= Scrooby Congregation =

Protestant separatists from Nottinghamshire, England

The Scrooby Congregation was an English Protestant separatist church near Scrooby, on the outskirts of Bawtry, a small market town at the border of Yorkshire, Lincolnshire and Nottinghamshire. In 1607/1608 the congregation emigrated to the Netherlands in search of the freedom to worship without conforming to the Church of England. They founded the "English separatist church at Leiden", one of several English separatist groups in the Dutch Republic at the time.

==In Scrooby==
Richard Clyfton was rector of All Saints' Church, Babworth, near Retford, from 1586. He lost his position as rector of Babworth through deprivation in 1605 under suspicion of nonconformity. Suspended, he continued to preach at Bawtry, near Scrooby though over the county boundary in Yorkshire. From 1606 the congregation around Clyfton met in the house of William Brewster. This manor house has been identified as on the site of the former Scrooby Palace of the archbishops of York, though much of the older building had been demolished by then. In 1607 Clyfton was excommunicated.

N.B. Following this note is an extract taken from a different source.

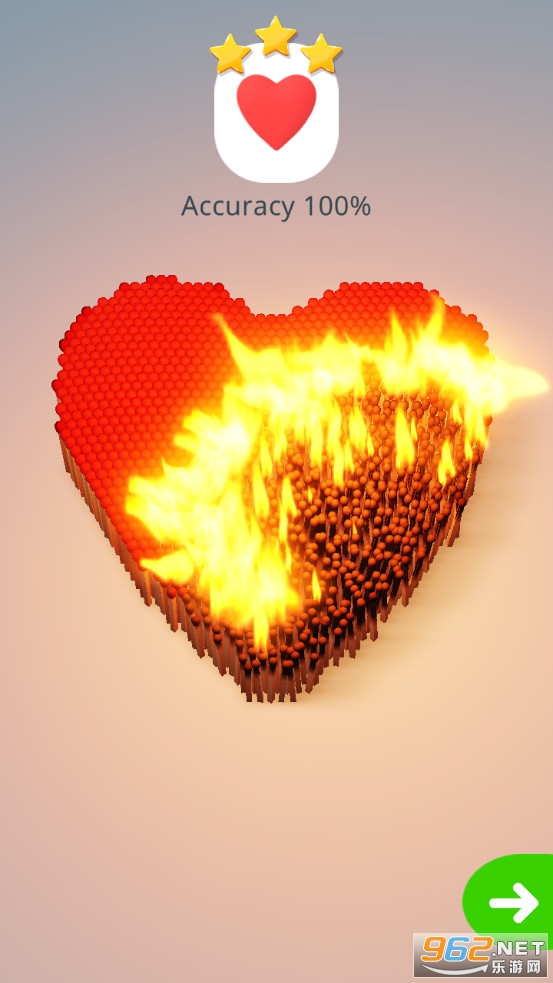 火柴艺术是一款画面清新的利用火柴搭建模型然后烧掉的闯关休闲手游,火柴艺术游戏中,玩家可以利用火柴来组建一些模型,比如苹果、爱心、地球等等,点击屏幕将火柴点燃,看着火柴一点点的烧尽,看着模型一点点的消失。

John Robinson from Sturton le Steeple, also in northern Nottinghamshire, had lost his pulpit for his views and returned home by about the end of 1604; he made contact with Dissenters in Gainsborough, just over the eastern county boundary in Lincolnshire, as well as Scrooby. John Smyth became the minister of the Gainsborough Dissenters. In this way the two separatist churches were drawn together, with Robinson assuming authority in the Scrooby congregation alongside Clyfton after a process of ordination.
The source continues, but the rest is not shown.